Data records
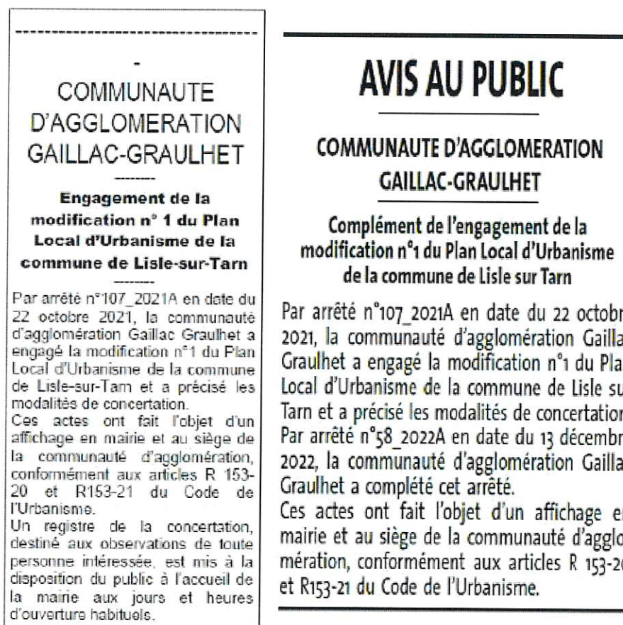
Figure 1 / extraits des parutions dans la Dépêche du Midi et dans le Tarn Libre

L'engagement de la modification du PLU ainsi que les modalités de concertation ont été publiées dans les journaux locaux.
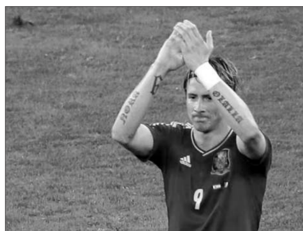
托雷斯文身是表达夺取欧洲杯的决心。
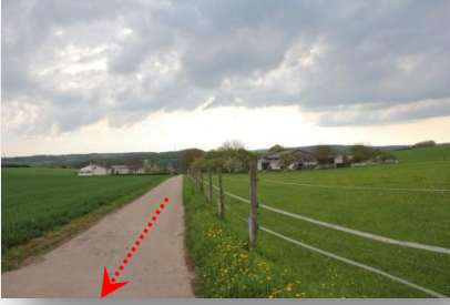
4 vorbei an den Seitenhöfen, links ab...
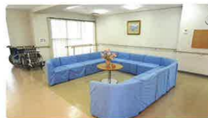
■ 談話コーナー (2階・4階)
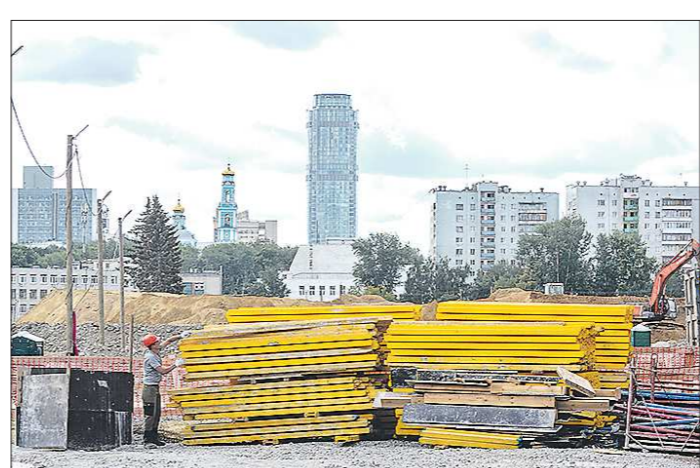
Власти считают, что увеличение объёмов застройки города не должно происходить в ущерб комфорту граждан

В тот же день власти Азербайджана сообщили, что в результате ракетных обстрелов со стороны армянских войск погибли 60 и получили ранения более 270 мирных жителей
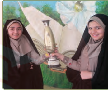
نَحْنُ شَعَرْنَا بِالِافْتِخَارِ. ما احساس افتخار کردیم
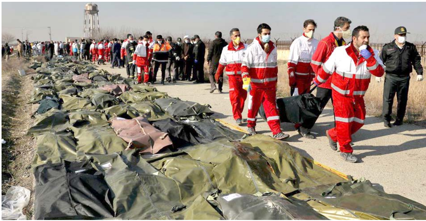
طائرة: جثث ركاب الطائرة الاكرانية المتكوية على الارض

الماليزية في رحلة بين امستردام وكوالالمبور وعلى متنها 298 شخصاً بينهم 196هولندياً، قرب منطقة دويتشك في شرق أوكرانيا الذي يشهد نزاعاً مسلحاً وسيطر عليه الانفصاليون الموالون لروسيا، بدون أن يتنجو أحد من الحادث.توصل المحققون الدوليون في ايار/مايو 2018إلى أن الطائرة اسقطت بصاروخ بوك السوفياتي المنطلق من اللواء 53 الروسي للدفاع الجوي في كورسك، في جنوب غرب روسيا في حيزران/يونيو 2019اتهم المحققون ثلاثة روس وأوكرانيا في هذه القضية، من المقرر أن تبدأ محاكمتهم في آذار/مارس 2020 في هولندا. ويتوقع أن تجري محاكمتهم غيابياً - 23 آذار/مارس 2007:سقوط طائرة من نوع اليوشين تابعة للخطوط البيلاروسية بصاروخ بعيد إقلاعها فوق العاصمة الصومالية مقديشو التي كانت تشهد حرباً أهلية، ما أسفر عن مقتل 1 شخصاً، وكانت الطائرة تقل فريق مهندسين وتقنيين بيلاروسيين توجهوا للصلصال لإصلاح طائرة ضربت بصاروخ قبل اسبوعين- 04 تشرين الأول/أكتوبر 2004:انفجار طائرة توبوليف نو 54 تابعة لشركة سيبير الروسية التي تربط بين تل أبيب ونوفوسيبيرسك في سبيريا الغربية، في السماء أثناء تحطم طائرة بوينغ 737 التابعة لخطوط الجوية الأوكرانية قبل ثلاثة أيام فوق طهران- 17 تموز/يوليو 2014:سقوط طائرة بوينغ 777التابعة للخطوط الكازرة. وبعد اسبوع، أعلنت كيف
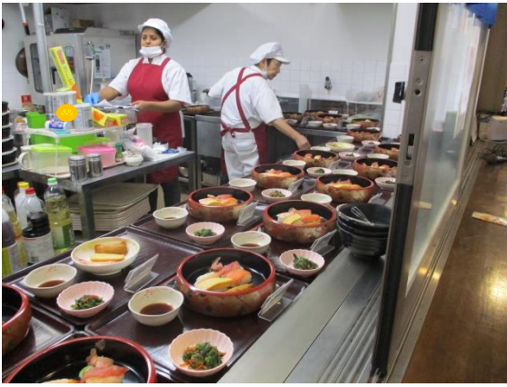
厨房さんの協力のもとお寿司をご提供。
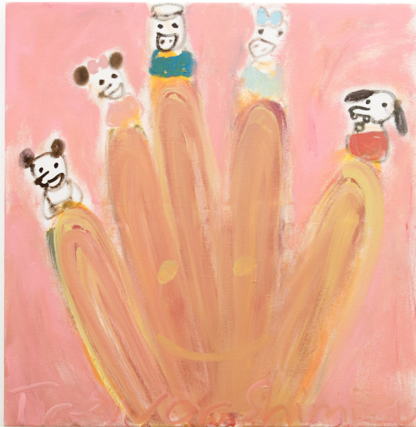
Trevor Shimizu Finger Family , 2018 Oil on canvas 78,7 x 76,2 cm
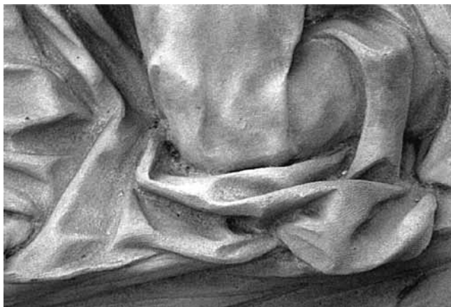
Desni anđeo na reljefu Uskrsnuća s grobnice pape Pavla II., vaticanske Grotte, detalj odjeće

Angel on the right side of the Resurrection scene, relief from the tomb of Paul II, Vatican Grottoes, detail of clothing
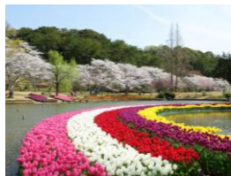
浜松フラワーパーク
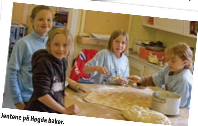
Jentene på Høgda baker.
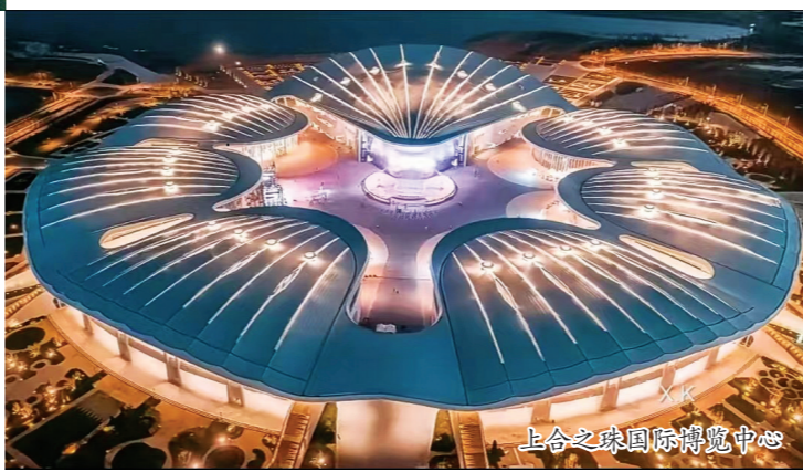
上合之珠国际博览中心

在平台增强自身吸引力的同时,山东还强化外资保障力度,进一步优化营商环境,提升引资软实力。对标国际高标准贸易投资规则,2020年以来,山东省先后出台“稳外贸稳外资政策清单32条”“高水平利用外资20条”“重点外资项目要素保障机制、鼓励跨国公司在山东设立地区总部办法、推进合格境外有限合伙人(QFLP)试点和金融业利用外资政策措施等一系列政策,引导外资企业外债转增注册资本等政策措施纳入稳中求进高质量发展政策清单,营商环境进一步优化。
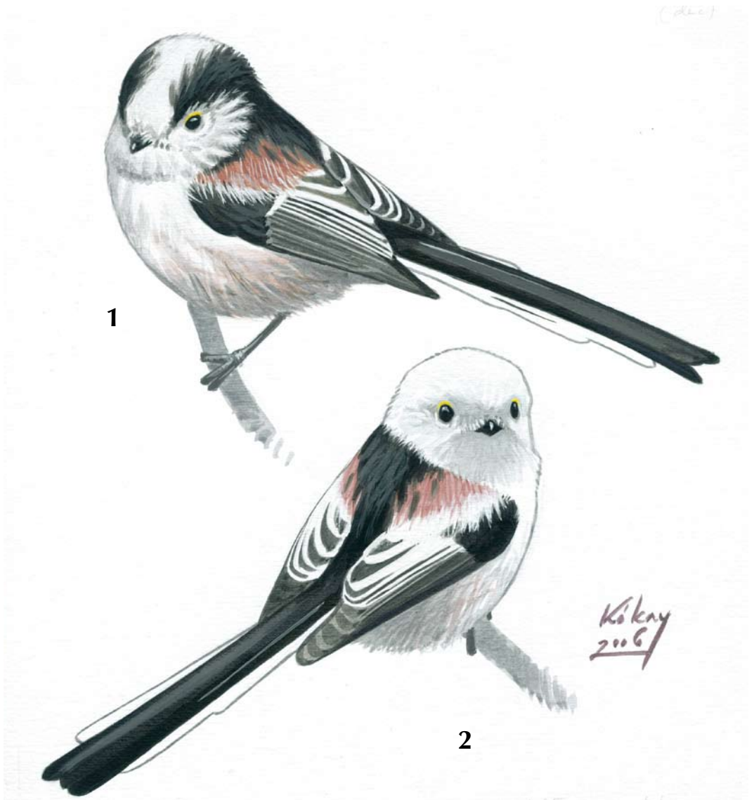
FIGURE 1 Long-tailed Bushtits / Staartmezen Aegithalos caudatus (Szabolcs Kókey). 1 europaeus , 2 caudatus . Both birds closely matching description of type specimens of both subspecies.

> **WHAT TO WORK ON**
Copy out each record word for word and omit any pictures.

> **ANSWER BELOW**
Figure 1 / extraits des parutions dans la Dépêche du Midi et dans le Tarn Libre

L'engagement de la modification du PLU ainsi que les modalités de concertation ont été publiées dans les journaux locaux.
托雷斯文身是表达夺取欧洲杯的决心。
4 vorbei an den Seitenhöfen, links ab...
■ 談話コーナー (2階・4階)
Власти считают, что увеличение объёмов застройки города не должно происходить в ущерб комфорту граждан

В тот же день власти Азербайджана сообщили, что в результате ракетных обстрелов со стороны армянских войск погибли 60 и получили ранения более 270 мирных жителей
نَحْنُ شَعَرْنَا بِالِافْتِخَارِ. ما احساس افتخار کردیم
طائرة: جثث ركاب الطائرة الاكرانية المتكوية على الارض

الماليزية في رحلة بين امستردام وكوالالمبور وعلى متنها 298 شخصاً بينهم 196هولندياً، قرب منطقة دويتشك في شرق أوكرانيا الذي يشهد نزاعاً مسلحاً وسيطر عليه الانفصاليون الموالون لروسيا، بدون أن يتنجو أحد من الحادث.توصل المحققون الدوليون في ايار/مايو 2018إلى أن الطائرة اسقطت بصاروخ بوك السوفياتي المنطلق من اللواء 53 الروسي للدفاع الجوي في كورسك، في جنوب غرب روسيا في حيزران/يونيو 2019اتهم المحققون ثلاثة روس وأوكرانيا في هذه القضية، من المقرر أن تبدأ محاكمتهم في آذار/مارس 2020 في هولندا. ويتوقع أن تجري محاكمتهم غيابياً - 23 آذار/مارس 2007:سقوط طائرة من نوع اليوشين تابعة للخطوط البيلاروسية بصاروخ بعيد إقلاعها فوق العاصمة الصومالية مقديشو التي كانت تشهد حرباً أهلية، ما أسفر عن مقتل 1 شخصاً، وكانت الطائرة تقل فريق مهندسين وتقنيين بيلاروسيين توجهوا للصلصال لإصلاح طائرة ضربت بصاروخ قبل اسبوعين- 04 تشرين الأول/أكتوبر 2004:انفجار طائرة توبوليف نو 54 تابعة لشركة سيبير الروسية التي تربط بين تل أبيب ونوفوسيبيرسك في سبيريا الغربية، في السماء أثناء تحطم طائرة بوينغ 737 التابعة لخطوط الجوية الأوكرانية قبل ثلاثة أيام فوق طهران- 17 تموز/يوليو 2014:سقوط طائرة بوينغ 777التابعة للخطوط الكازرة. وبعد اسبوع، أعلنت كيف
厨房さんの協力のもとお寿司をご提供。
Trevor Shimizu Finger Family , 2018 Oil on canvas 78,7 x 76,2 cm
Desni anđeo na reljefu Uskrsnuća s grobnice pape Pavla II., vaticanske Grotte, detalj odjeće

Angel on the right side of the Resurrection scene, relief from the tomb of Paul II, Vatican Grottoes, detail of clothing
浜松フラワーパーク
Jentene på Høgda baker.
上合之珠国际博览中心

在平台增强自身吸引力的同时,山东还强化外资保障力度,进一步优化营商环境,提升引资软实力。对标国际高标准贸易投资规则,2020年以来,山东省先后出台“稳外贸稳外资政策清单32条”“高水平利用外资20条”“重点外资项目要素保障机制、鼓励跨国公司在山东设立地区总部办法、推进合格境外有限合伙人(QFLP)试点和金融业利用外资政策措施等一系列政策,引导外资企业外债转增注册资本等政策措施纳入稳中求进高质量发展政策清单,营商环境进一步优化。
FIGURE 1 Long-tailed Bushtits / Staartmezen Aegithalos caudatus (Szabolcs Kókey). 1 europaeus , 2 caudatus . Both birds closely matching description of type specimens of both subspecies.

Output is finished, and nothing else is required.